Perhaps the markets wonder why the Fed would need to raise interest rates if the price of oil keeps crashing, the global economy continues to sputter, and inflation therefore continues to remain stubbornly below the Fed's target?

February 6, 2012
Fed should raise rates in 2013, Bullard says

The belief that the U.S. economy suffering from an "output gap" that can be bridged only if borrowing costs are kept low enough for long enough is wrong, he said.

"If we continue using this interpretation of events, it may be very difficult for the U.S. to ever move off of the zero lower bound on nominal interest rates," Bullard said.

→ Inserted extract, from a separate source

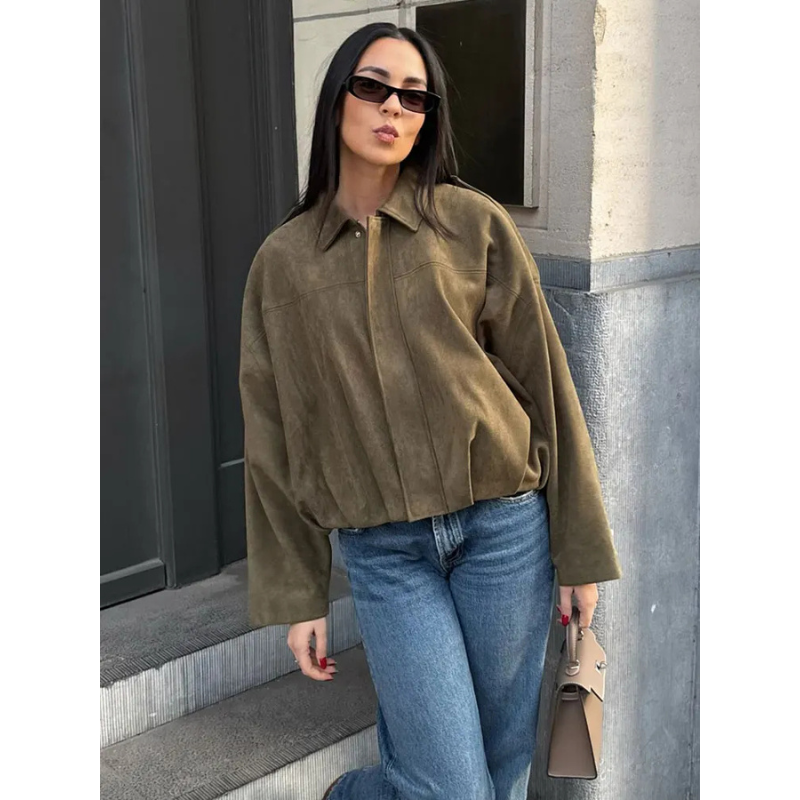 Die Aveline Mocka Bomberjacke vereint vintage Charme und moderne Eleganz in einem stilvollen Design. Hergestellt aus hochwertigem Mocka, bietet sie ein luxuriöses Gefühl und eine lässige Passform, die Klasse ausstrahlt.
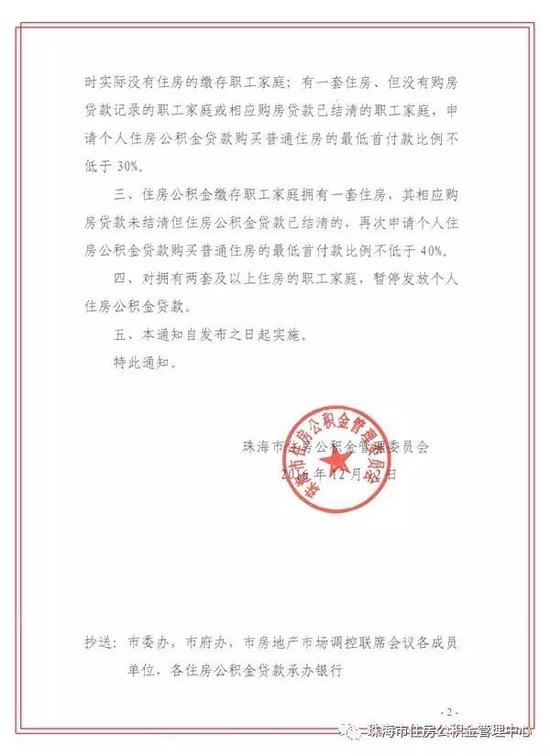 北京12月12日讯 今日,珠海市住房公积金管理中心发布《关于调整住房公积金贷款首付比例有关事项的通知》,“通知”中指出对拥有两套及以上住房的职工家庭,暂停发放个人住房公积金贷款。

We didn't raise rates in 2013. Oops. As shocking as this must seem even in hindsight, we continued with ZIRP. Perhaps the markets remember what he said would happen if we continued? That it would be very difficult for the U.S. to ever move off the zero lower bound?

Perhaps the markets can remember even more? Could the markets think they are at least as smart as the Fed?

January 18, 2013
Fed Admitted Ignorance, Underplayed Severity Of Situation Just Ahead Of Massive Crisis, New Docs Reveal

If you want to feel confident that the Federal Reserve knows where it's going as it steers the world's biggest economy, then you probably should not read the transcripts of its 2007 policy meetings.

Those transcripts, released on Friday, show a Fed groping blindly for answers about the early market tremors preceding the financial crisis, while also blithely deciding that everything was probably going to be just fine.

The markets tend to create tremors heading into a crisis. The Fed tends to grope blindly. Perhaps that's how we can tell the difference between the two, lol. Sigh.

See Also:
Wasatch Economics: Fed failed to predict 2008 recession

2 comments:

  1. Perhaps the real problem is there are no markets; just digital outputs of some behavior by some individuals that is monitored somewhat or not at all in the case of dark pools. Perhaps markets are groping blindly relying on the Fed and the Fed is groping blindly relying on markets that do not exist in reality; but the lights are nice.